A 4 percent tax on transactions is just a threat. The purpose was to promote the use of the Zimbabwean dollar, but we lost that plan.
Therefore, the policy has become meaningless. Accumulated costs lead to inflation. If we want to fight inflation, we have to abolish the 4% tax, but we still need local currency.
The government still has an opportunity to bring the Zimbabwean dollar back from the dead. I know that the debate between the US dollar and the Zimbabwean dollar is a difficult one and can only be resolved if we choose the Zimbabwean dollar, but how can we get it back?
The government must decide in its budget that all taxes in the country will be denominated in Zimbabwean dollars and that the Finance Act, which requires citizens to pay taxes in the trade currency, will be repealed. All payments to the government must be made in Zimbabwean dollars.
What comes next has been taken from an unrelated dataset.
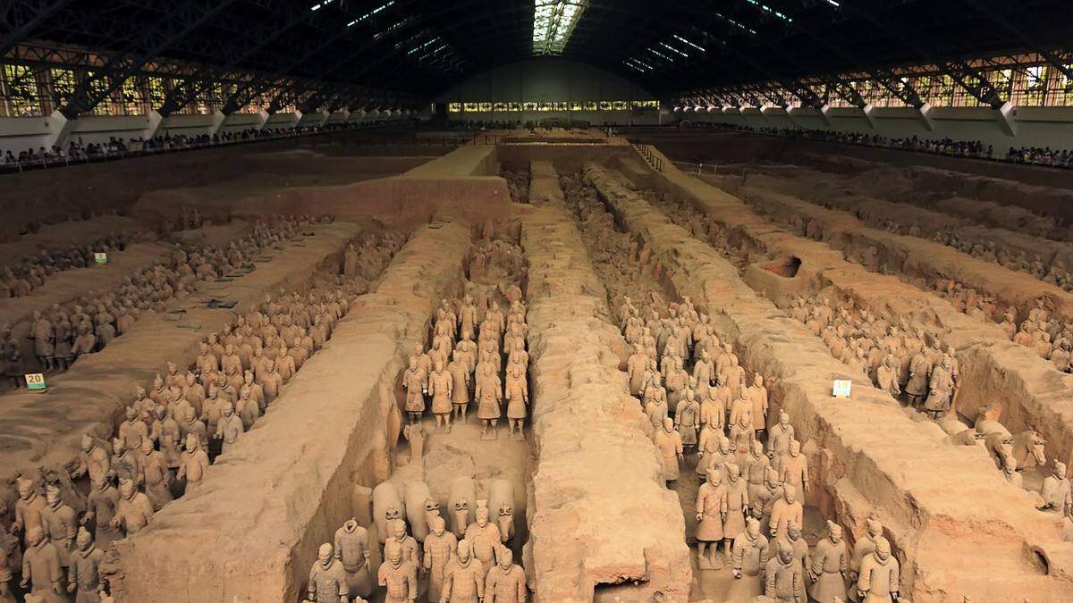 秦始皇陵是中国历史上第一个皇帝—秦始皇帝的陵园,也称骊山陵。兵马俑坑是秦始皇陵的陪葬坑,位于陵园东侧1500米处。其规模之大、陪葬坑之多、内涵之丰富,为历代帝王陵墓之冠。根据考古工作发现,秦陵的陵基为近覆斗方形,夯土筑成,陵基东西宽345米,南北长350米。围绕封土堆,在地面上还筑有两重南北向长方形城垣,内城和外城的四面均有城门,城的四角还筑有角楼。秦始皇陵是世界上规模最大、结构最奇特、内涵最丰富的帝王陵墓之一,实际上它是一座豪华的地下宫殿。

What this does is create demand for the Zimbabwean dollar. This will force economic actors to maintain the Zimbabwean dollar as they realize it is an important currency in meeting government obligations.
If we don't, I'm sure we'll forget about the Zimbabwean dollar next year. This obviously means that if you want to get your hands on Zimbabwean dollars, you'll be exchanging them and throwing them away immediately, but you'll need it if you pay taxes or do government work, so it takes the pressure off. This is because it must be stored in order to on the black market.